Nevertheless, Motz wrote, Fisher admitted under oath that he unlawfully possessed a firearm. Under those circumstances, Motz wrote, he did not see failing to allow Fisher to withdraw his guilty pleas would result in a miscarriage of justice.

"Certainly, [Defendant] was denied of an opportunity to pursue a motion to suppress that might have been meritorious, but neither the government nor his own counsel was aware of Lunsford's criminal misconduct at the time that [Defendant] entered his guilty pleas and was sentenced. Therefore, it cannot be said that [Defendant's] counsel was ineffective or that the government breached any obligation that it owned to him," Motz wrote. (Brackets in 4th Circuit ruling, quoting Motz.)

Despite these reservations, the district court granted Fisher's motion for a certificate of appealability on his Sixth Amendment ineffective assistance of counsel claim.

The 4th Circuit then granted his motion to expand the certificate to include the issue of whether the belated disclosure of Lunsford's misconduct rendered his guilty pleas invalid under the Due Process Clause.

To set aside his plea as involuntary, a defendant most show impermissible government conduct.

"This case presents highly uncommon circumstances in which gross police misconduct goes to the heart of the prosecution's case," Wynn wrote.

He said that defendants and their attorneys often weigh what they believe to be the merits and demerits of the prosecution's case, before deciding whether to make a plea. In this case, Wynn said, Fisher's attorney indicated that her examination of the warrant was a critical part of her evaluation of the government's case.

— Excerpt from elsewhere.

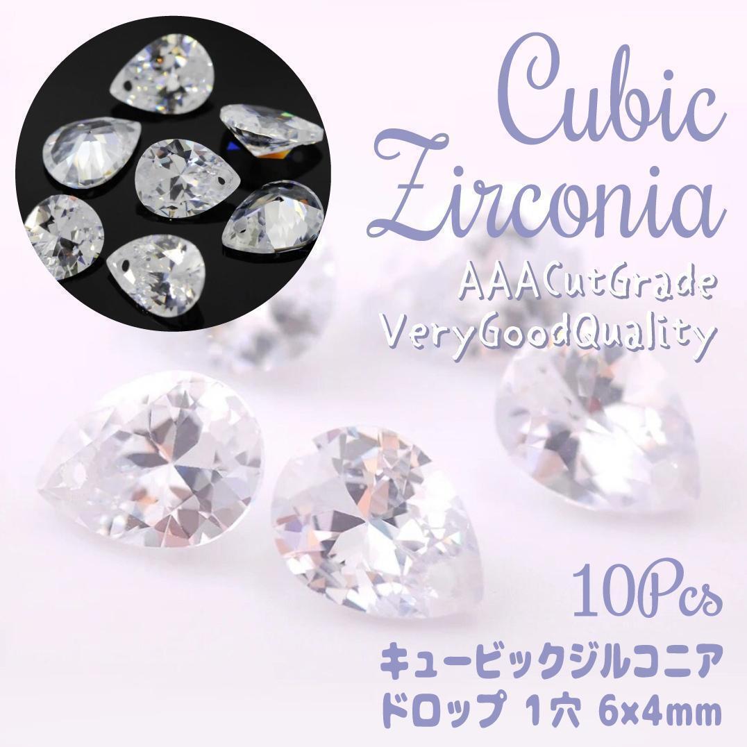 高品質な AAA カットグレード の キュービックジルコニア 6×4mmのティア ドロップ 1穴です。

"Because the lawyer thought that there were not grounds on which to challenge the warrant, she believed the government's case to be 'a strong one' and advised defendant to enter a plea," Wynn wrote.

Although he acknowledged Judge Motz's misgivings and the government's contention that had it learned of Lunsford's misconduct it would have informed Fisher and his counsel of it, Wynn said neither point voids the fact the prosecution was based on the initial lies told to secure the search warrant.

Wynn also rejected the government's contention that Fisher has never claimed he is actually innocent. "Neither cites, nor did we find, a case holding that a defendant's factual innocence is a prerequisite to finding a plea invalid," Wynn wrote.

"In sum," he continued, "Defendant has successfully shown that impermissible government conduct - an officer's deliberate lie that led to the warrant that led to the discovery of the evidence against him - occurred."

Wynn found that because Fisher showed "a reasonable probability" that he would not have pleaded guilty had he known of Lunsford's misconduct, that misconduct renders Fisher's pleas involuntary.

In vacating Fisher's guilty pleas, the majority of the three-judge panel said, "allowing a defendant's guilty plea to stand when a police officer intentionally lies in a search warrant affidavit undermines public confidence in our judicial system."

Citing the 2nd Circuit's ruling in United States v. Gribben, Wynn wrote: "'Whether to prosecute, issue a warrant, indict and convict are serious matters that are decided in large measure based on what a police officer relates. So when an officer does not tell the whole truth, public confidence in the fair administration of criminal justice inevitably is eroded.'"

In dissent, 4th Circuit Judge Steven Agee sided with the lower court.

"As the learned district court judge correctly determined, Fisher is bound to his guilty pleas, and the majority opinion articulates no reasoned basis founded in the established precedent of the Supreme Court, or any other court, to decide otherwise," Agree wrote.

He added: "To be clear, I certainly agree with the majority that Lunsford's conduct in falsifying the identity of the informant on the search warrant was reprehensible. But our natural reaction of extreme distaste to Lunsford's criminal act does not instantaneously transform Fisher's guilty plea into some form of due process violation that permits him to now withdraw that plea. Only a well-grounded application of settled precedent would permit such an extraordinary result. With respect for my distinguished colleagues, that indispensable factor is missing in the majority opinion."